Apologies for confusing editing with translating above.
I was informed earlier for best result in Whisper to let the program load the audio from the MKV.
If loading the (I guess) WAV directly I could use what you suggest or the multiple voice tools available from such as Goldwave or
Audacity or an old favorite called The Levelator which was developed for pod casts and brings voice forward. That produces a WAV directly.
I looked at spleeter remarks. Some conflicts there with usage. But I think that Levelator which I know works and doesn't produce any weird sound from trying to split tracks is a good place to start. It's just a simple drag and drop. I've used it for years.
here's a bit about it:
This does sound like a Whisper problem though.
Thanks for all the referals on this.
I'd prefer fixes to the tools themselves rather than try to do patches. I'm not an expert user. Filtering for voice with something like Levelator is all I can manage. The source is old-- 1978 and from a public source on Youtube. It may be just the audio degradation. However VOSK is a good fall-back for me. My original for this piece was completed in VOSK and then hand-editted. It's nearly done. I'm just proofing it by ear and looking up some phrases.
I didn't realize that this was just a one time task.
Anyway I am glad you got your transcription finally.
When you feel brave enough to consider command line Whisper AI setup, I will be happy to help.
It usually takes less than 20-30 minutes to setup everything from scratch for experienced user.
Thanks for the considerate offer.
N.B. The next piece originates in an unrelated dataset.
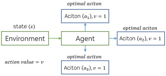 The soft actor critic (SAC) method [29] is a robust approach that allows for the observation of multiple optimal values while avoiding the selection of impractical paths. This facilitates a more extensive policy exploration. The SAC employs an efficient and stable entropy framework for the continuous state and action space. As delineated in Equation (10) with SAC [29], the SAC learns the optimal Q function through updating Q-learning via the maximum entropy RL method.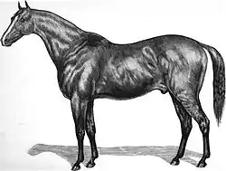 Retired to stud duty, he sired 7 stakes winners: Belinda out of Bellona, Lady Rosebery out of Lady Blessington, Duchess also out of Lady Blessington, King Crab out of Carita, King Cadmus also out of Carita, Oriole out of My Maryland, and Prince Royal out of imported Princess.[8] Belinda, an 1885 chesnut mare, won the 1887 Colleen Stakes.[9] Lady Rosebery, an 1878 chestnut mare, won the 1880 Champagne Stakes. Duchess, an 1881 bay mare, won the 1883 Sapling Stakes, the 1884 Ladies' Handicap, Monmouth Oaks, and Mermaid Stakes.[10] King Crab, an 1885 bay stallion, won the 1888 Oceanview Handicap. King Cadmus, an 1889 bay stallion, won the 1891 Sapphire Stakes.[11] Oriole, an 1874 chestnut mare, won the 1878 Maturity Stakes.[12] Prince Royal, an 1885 chestnut stallion, won the 1888 Jerome Handicap, Stevens Stakes and Stockton Stakes.[13]

A while back there was a member who showed how to set up the Python etc and I tried that.
Errors ensued so I'd rather leave it to SE and Whisper. After all, SE has a whole team of contributers. If the problem is a known error, they should get it resolved. I have not contacted SE directly on it. Perhaps you or others could explain the problem better than I.
As to tasks, I've only seen this peculiar error from one source. But like I said, the source may be degraded in some way I don't understand.
I have now seen the repeated line error... in Whisper on a new project using SE.
But the text eventually comes back on. I did not pull the power plug or touch the rig until the job showed
To compensate, and maybe complete this task, I'm doing the same job with VOSK, then see if I can fill in the lines just listed for a time as [ music] [ music ] [ music ] .... after a music sequence had concluded in the Whisper transfer. The behaviour is very odd since the spoken language is very clear.
To Whisper's credit, the lines that do transfer to text are largely very good using the small model in Subtitle Edit.
I wondered if the medium model would now work as I continue to unplug ethernet to avoid any Microsoft jamming ? (see previous posts on pulling ethernet plug to complete a job above)